«Память подводит людей, – эхом прозвучали в моей голове слова Гибсона, так ясно, словно бы я увидел морщинистого, сгорбленного старика, стоявшего у сводчатого окна. – Она тускнеет, оставляя им только смутные, размытые впечатления о жизни, скорее мечты, чем подлинную историю».
Он всегда говорил, что у меня такой зоркий глаз, будто взгляд мой пронзает насквозь. Но, изучая нарисованные по памяти портреты Гибсона и других людей, я заметил некую странность: среди них не нашлось двух похожих. На одном изображении нос с горбинкой, на другом – прямой, то под тонкими бровями, то под густыми, нависшими. Говорят, что схоласты никогда не забывают детали и все, что они видели, остается в их сознании точным и неизменным. Мне не удавался такой фокус. Я не могу даже сказать, как долго в тот день я наблюдал у окна за птицами, кружившими над прудом, в котором купались служанки матери.
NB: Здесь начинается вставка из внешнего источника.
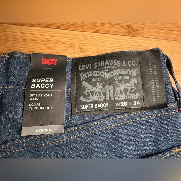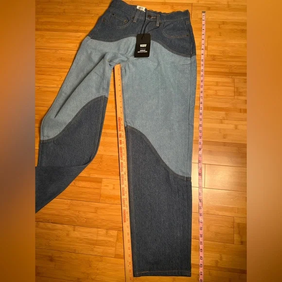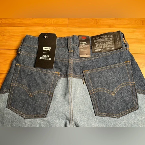 The vintage denim dark color with colorblocked denim detailing adds a unique touch to your wardrobe. The jeans have a super baggy fit with an internal drawstring closure, making them perfect for a comfortable and stylish look.These jeans are perfect for any occasion, whether you're hitting the town or just running errands. Get your hands on these unique Levi's x Urban Outfitters jeans today.MSRP: $118.00
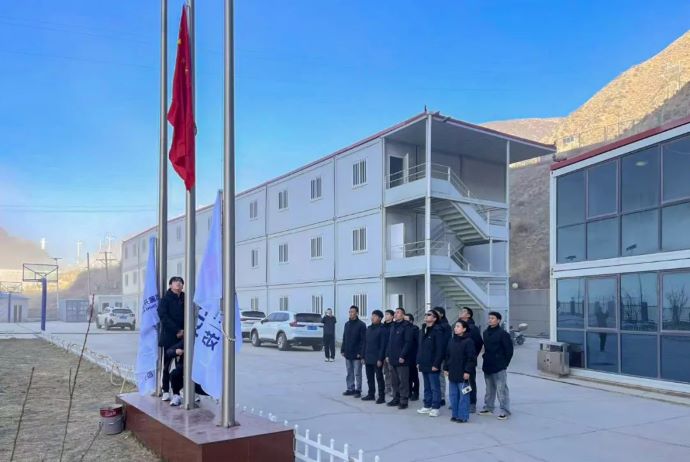 晨光初照,全體員工齊聚營地廣場,舉行莊嚴(yán)的升國旗儀式。隨著國歌奏響,五星紅旗冉冉升起,大家莊嚴(yán)肅立,行注目禮,愛國之情油然而生,為新的一年注入了滿滿的正能量。
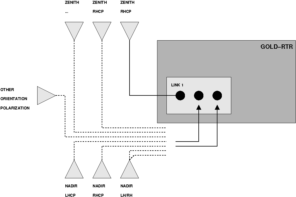![]() Figure 1: The so-called Link-1 of the GOLD-RTR must connect the first radio front-end to an up-looking RHCP antenna for navigation. The signal of this antenna feeds an internal Novatel commercial navigation card installed inside the GOLD-RTR, used for navigation and to provide timing and the geometric parameters required to compute the delay-models of the open-loop correlation channels. The rest of radio front-ends (two more in the original GOLD-RTR and up to 7 more in GOLD-RTR II) can be feed by any other antenna (pointing down/up or towards other directions), working at any polarization (RH/LH, vertical, horizontal...). The functionality of the GOLD-RTR, goes therefore beyond GNSS-R measurements, but other applications could be performed (radio-occultation from horizon-looking antennas, attitude control from a set of up-looking antennas, etc). The correlation channels are programmed to work with signals from either link, with an updatability of every second. The GOLD-RTR campaign user must know which antenna/polarization is connected to each Link when programming the correlators. Data Citation
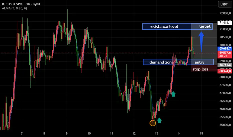 Na wykresie 1-godzinnym BTCUSDT (Bybit) cena wykazuje silną reakcję wzrostową po utworzeniu krótkoterminowego dołka w okolicach 65 000. Struktura rynku została wybita w górę, a kurs konsoliduje obecnie powyżej zaznaczonej strefy popytu, co wskazuje na kontrolę kupujących w krótkim terminie.
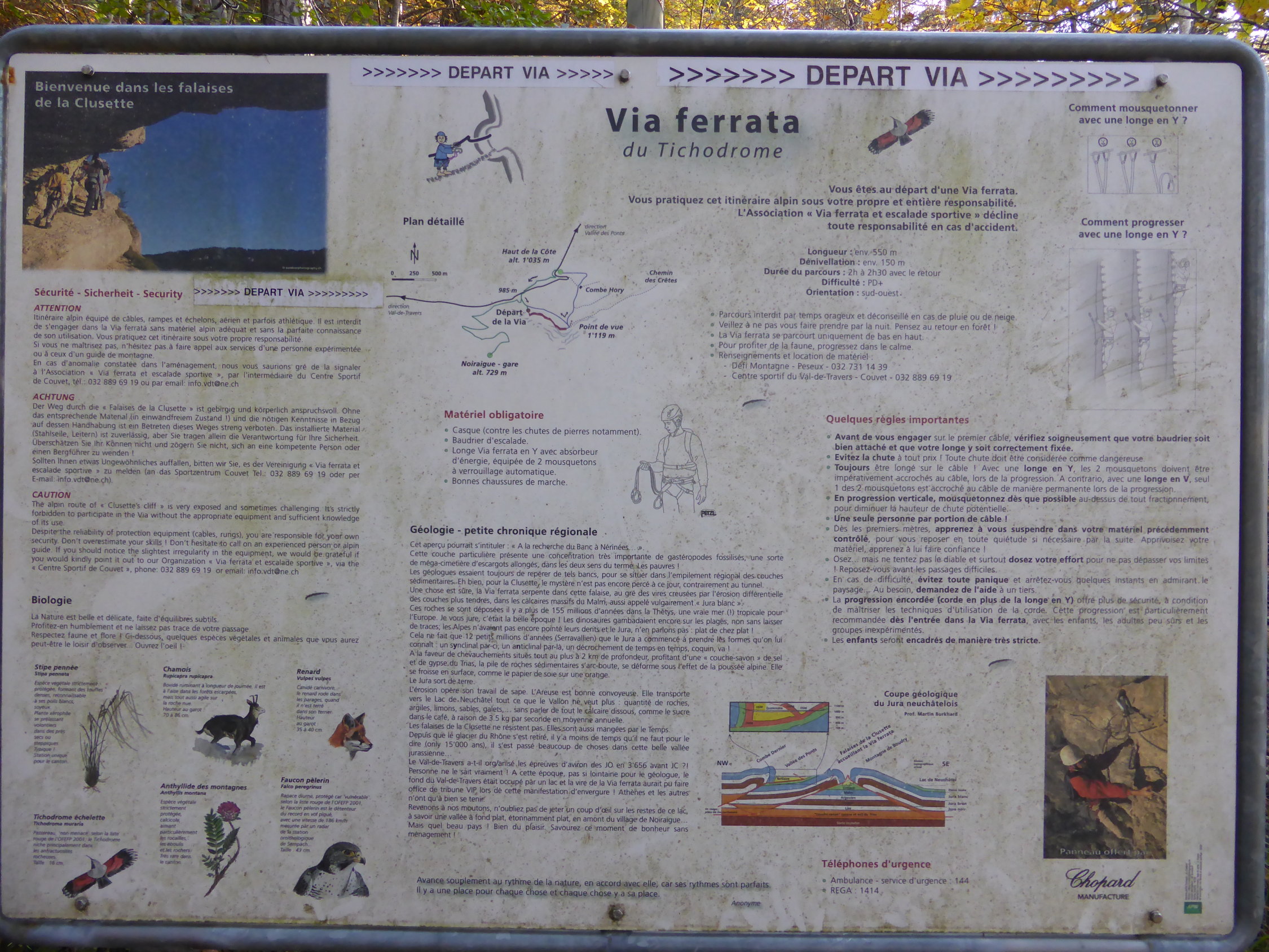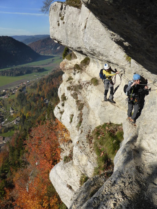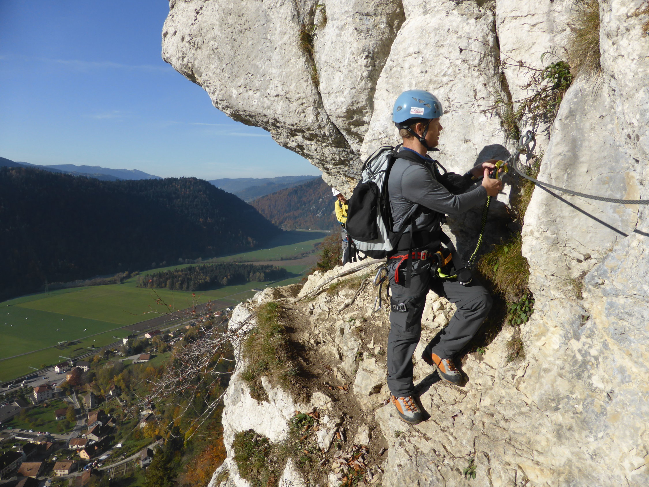 Der Klettersteig bietet wunderbare Einblicke ins Val de Travers. Er eignet sich auch für Anfänger sowie Kinder ab ca. 8 Jahren. Bei der Schlüsselstelle sind Sicherungsseile für Erwachsene und Kinder vorhanden.

Моя память соотносится с реальным миром примерно так же, как рисунок с фотографией. Она несовершенна, но выше совершенства. Мы помним то, что должны помнить, то, что выбрали сами, поскольку оно более прекрасно и реально, чем правда. Я почти услышал в этот момент насмешливый голос Гибсона: «Мелодрама – это низшая форма искусства». И что я мог возразить ему?
Раздался стук в дверь, прогоняя мои скомканные воспоминания.
В комнату вошел Криспин. Необязательно было оглядываться или ловить отражение в окне, чтобы определить это. Никто не топал так громко и бесцельно, как мой брат. Он поднимал такой лязг и шум, какого хватило бы на целый вооруженный отряд.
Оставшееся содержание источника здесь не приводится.